Потом Добровольский злым шепотом говорит Павлу:
— Петь, петь надо тут, а не мечтать!
И Павел привычно вступает в пение, а сам напряженно думает: «Что со мной будет дальше? Пора решать!»
ВНАЧАЛЕ БЫЛО ДЕЛО!
Письмо Павлу, много раз начатое, перечеркнутое, все еще не было отправлено. А он не приезжал и не звонил: видно, ждал ответа. А может, ему некогда было: то ли домой уехал, то ли экзамены у него шли.
В эту неделю Ася работала во вторую смену. Перед работой она пришла в комитет комсомола — попросить Катю Волохину еще раз позвонить в исполком насчет Миши Сотичева. Они быстро обо всем договорились, но Ася задержалась. Пришел Сергей Савиных. Он, наконец, написал басню про бесчувственную машинку и теперь искал слушателей. Послушали его сочинение, посмеялись, похвалили его. Потом они вместе с Сергеем вышли из комитета.
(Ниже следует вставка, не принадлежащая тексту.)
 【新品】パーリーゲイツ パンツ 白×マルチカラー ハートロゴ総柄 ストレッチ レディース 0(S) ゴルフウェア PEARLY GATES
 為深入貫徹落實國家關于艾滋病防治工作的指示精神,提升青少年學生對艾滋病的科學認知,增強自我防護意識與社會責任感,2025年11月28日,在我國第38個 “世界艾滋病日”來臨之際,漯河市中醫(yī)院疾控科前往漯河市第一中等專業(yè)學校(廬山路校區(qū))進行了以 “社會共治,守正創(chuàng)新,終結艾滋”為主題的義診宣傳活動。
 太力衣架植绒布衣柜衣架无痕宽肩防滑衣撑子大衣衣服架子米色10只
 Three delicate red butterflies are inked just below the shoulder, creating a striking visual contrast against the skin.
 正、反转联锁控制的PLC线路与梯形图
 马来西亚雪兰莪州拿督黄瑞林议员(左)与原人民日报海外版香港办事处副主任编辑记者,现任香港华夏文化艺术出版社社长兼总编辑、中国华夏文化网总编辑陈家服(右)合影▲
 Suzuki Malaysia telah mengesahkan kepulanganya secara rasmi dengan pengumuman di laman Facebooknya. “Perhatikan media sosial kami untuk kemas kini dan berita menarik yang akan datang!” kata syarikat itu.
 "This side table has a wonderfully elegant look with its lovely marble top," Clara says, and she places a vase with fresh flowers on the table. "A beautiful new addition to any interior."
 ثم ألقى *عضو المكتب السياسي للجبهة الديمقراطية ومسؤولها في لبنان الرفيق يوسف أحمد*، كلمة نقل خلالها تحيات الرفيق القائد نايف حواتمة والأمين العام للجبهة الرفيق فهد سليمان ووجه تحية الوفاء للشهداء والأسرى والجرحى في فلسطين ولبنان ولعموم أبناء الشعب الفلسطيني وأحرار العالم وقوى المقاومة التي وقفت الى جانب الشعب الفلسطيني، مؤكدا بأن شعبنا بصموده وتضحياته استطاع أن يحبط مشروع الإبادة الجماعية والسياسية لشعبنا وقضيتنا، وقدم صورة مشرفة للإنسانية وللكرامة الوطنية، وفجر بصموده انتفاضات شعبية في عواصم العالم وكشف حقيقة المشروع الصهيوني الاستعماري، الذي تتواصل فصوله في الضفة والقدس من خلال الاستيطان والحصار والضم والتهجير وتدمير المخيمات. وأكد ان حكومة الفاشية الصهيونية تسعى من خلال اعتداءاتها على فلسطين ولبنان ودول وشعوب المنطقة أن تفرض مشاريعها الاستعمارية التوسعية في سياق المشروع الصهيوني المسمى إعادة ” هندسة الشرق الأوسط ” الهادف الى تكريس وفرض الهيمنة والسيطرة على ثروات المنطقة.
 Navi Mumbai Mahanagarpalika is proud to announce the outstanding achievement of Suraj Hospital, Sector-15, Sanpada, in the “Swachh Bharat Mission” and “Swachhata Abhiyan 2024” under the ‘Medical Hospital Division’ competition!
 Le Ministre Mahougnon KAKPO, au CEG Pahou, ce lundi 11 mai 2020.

Катя внимательно посмотрела им вслед и сказала:
— Заходи, Конькова, если что, советуйся.
— Вот я и хочу посоветоваться, — неожиданно для себя самой выговорила Ася, когда проходили по двору.
— Со мной? — удивился Савиных. — Со мной больше ребята советуются. Ну, коли со мной, давай сядем. На ходу я стих могу сочинить, советовать я на ходу не умею.
Они сели на скамейку возле молодых топольков, которые осенью сажали вместе во время субботника.
— Не знаю далее, с чего начать, — сказала Ася.
— Попробуй начать сначала, — ответил Савиных.
...Слушая Асю, он хмурился, ерошил волосы. Ей казалось, что он не то недоволен тем, что она рассказывает, не то ему трудно слушать, но, когда она замолкала, Савиных смотрел на нее внимательными глазами. Видно было: ждет продолжения.
Ася кончила говорить. Он встал во весь свой рост, молча прошелся вдоль скамейки — Ася поворачивала вслед за ним голову, — затем сел рядом с ней и сказал решительно:
— Ясно!
— Ясно? — удивилась Ася.
— Не то ясно, какое письмо ему писать. Ты почему раньше всего не рассказала, вот что мне ясно. Приходишь ты к нам в комитет и рассказываешь свою историю. Договорить еще не успела, что хочешь этому парню, который в семинарии, помочь, а мы решаем, что помогать нужно не ему, а тебе, что ты попала под его влияние и надо тебя от него избавить. А что? Вроде все правильно. Павел этот для нас никто, человек посторонний. За него мы не отвечаем. За тебя отвечаем. Не читала недавно в «Комсомолке» статью? Полюбила девушка одного бывшего уголовника — ты, конечно, не думай, я не сравниваю... Он уже на ноги становился. Решила она замуж за него выходить. А ее в комитет комсомола вызвали и отсоветовали. Считали, что чуткость проявили, позаботились о человеке. Я это, знаешь, когда понял? Когда решили мы бороться за звание коммунистической бригады и было предложение: двух парней — да ты их знаешь! — вывести из нашей бригады, потому что с ними нам до этого звания никогда не дотянуться. А потом подумали, подумали: нет, что-то не то. — Он помолчал соображая: — Так что с тобой тоже так бы решать не стали. А на письмо как ответить? Слушай, — сказал Савиных таким голосом, будто он все сразу понял. — Сколько места занимают книги, которые тебе историк твой знакомый прочесть посоветовал, если поставить их рядом? Наверное, полку. Это самое малое. Разве их в одно письмо упишешь? Нет, ты не думай, что я против его совета. Он тебе хорошо посоветовал. Ты меня с этим историком познакомь. У нас в части, где я служил, парень был. Представляешь, молодой, моего года, но из сектантов. Такая меня брала досада! Как заведусь с ним спорить, понимаю, что во всем прав, а чего-то мне для спора с ним не хватает. Чтобы не вообще говорить, а в самую точку. Так что это он тебе верно посоветовал. Но и неверно тоже. Ты сама говоришь: запутался твой друг. А запутался потому, что испугался. И ты решила теперь его путаницу распутать. Словами? Одних разговоров, чтобы он все это понял, мало. Даже самых умных. «Вначале было дело!» Слыхала такое изречение?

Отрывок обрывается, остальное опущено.